Provided entries:

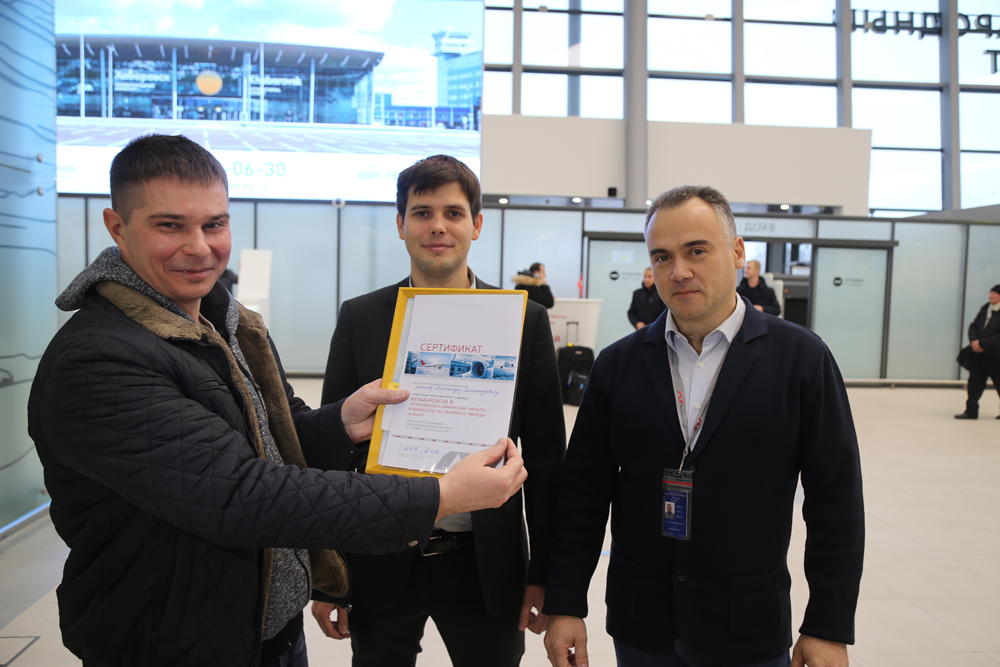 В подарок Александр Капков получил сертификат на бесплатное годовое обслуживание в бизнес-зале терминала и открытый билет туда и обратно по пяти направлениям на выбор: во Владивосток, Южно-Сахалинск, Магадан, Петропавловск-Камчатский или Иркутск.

---

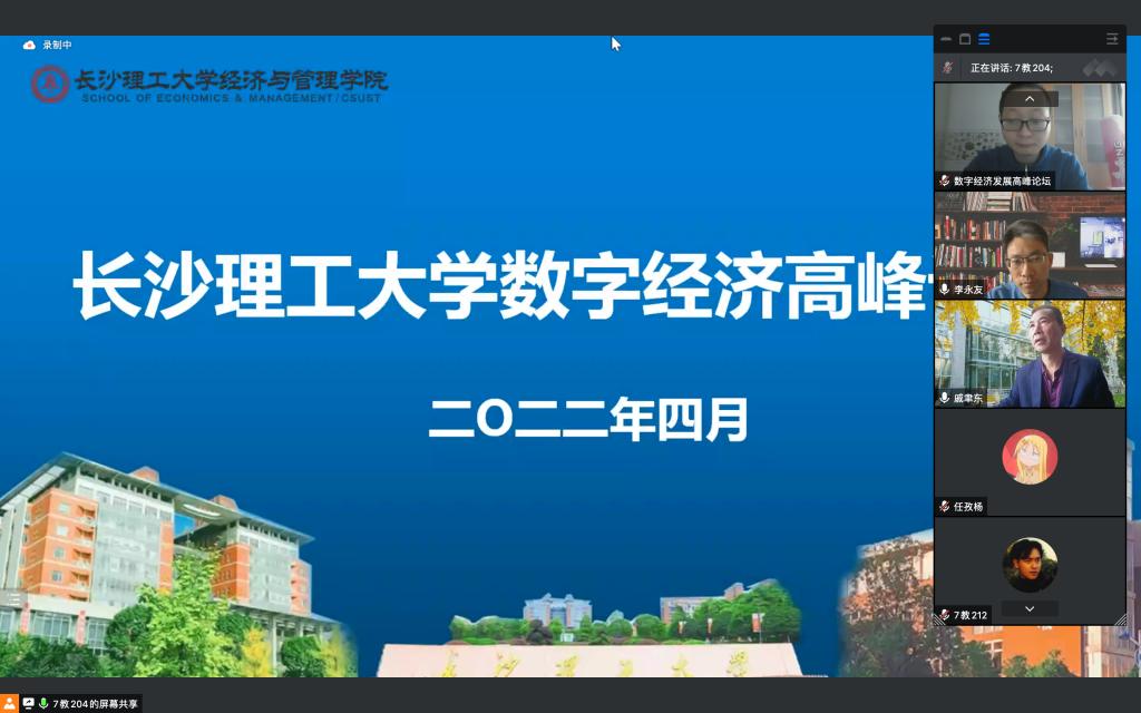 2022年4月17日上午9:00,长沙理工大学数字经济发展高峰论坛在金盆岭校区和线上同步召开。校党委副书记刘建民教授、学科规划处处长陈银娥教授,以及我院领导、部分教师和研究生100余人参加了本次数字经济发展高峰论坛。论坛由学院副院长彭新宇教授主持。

...

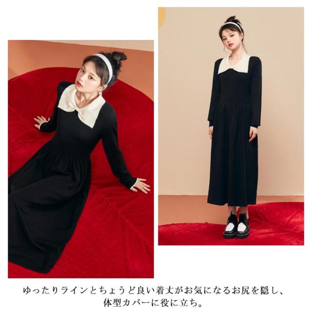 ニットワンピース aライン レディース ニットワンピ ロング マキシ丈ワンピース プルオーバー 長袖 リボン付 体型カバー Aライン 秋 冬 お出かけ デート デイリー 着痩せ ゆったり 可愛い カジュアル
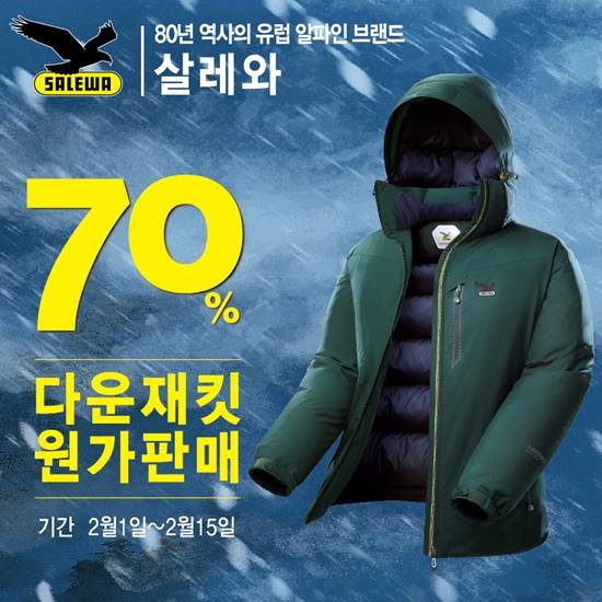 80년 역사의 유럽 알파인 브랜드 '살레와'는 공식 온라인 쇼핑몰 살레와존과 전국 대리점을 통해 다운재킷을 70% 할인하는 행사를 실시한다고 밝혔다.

Task to carry out:
Would you output the lines above from the line holding "ニットワンピース aライン レディース" up to and including the line holding "80년 역사의 유럽 알파인", exactly and only those, with no pictures?

Your response:
 ニットワンピース aライン レディース ニットワンピ ロング マキシ丈ワンピース プルオーバー 長袖 リボン付 体型カバー Aライン 秋 冬 お出かけ デート デイリー 着痩せ ゆったり 可愛い カジュアル
 80년 역사의 유럽 알파인 브랜드 '살레와'는 공식 온라인 쇼핑몰 살레와존과 전국 대리점을 통해 다운재킷을 70% 할인하는 행사를 실시한다고 밝혔다.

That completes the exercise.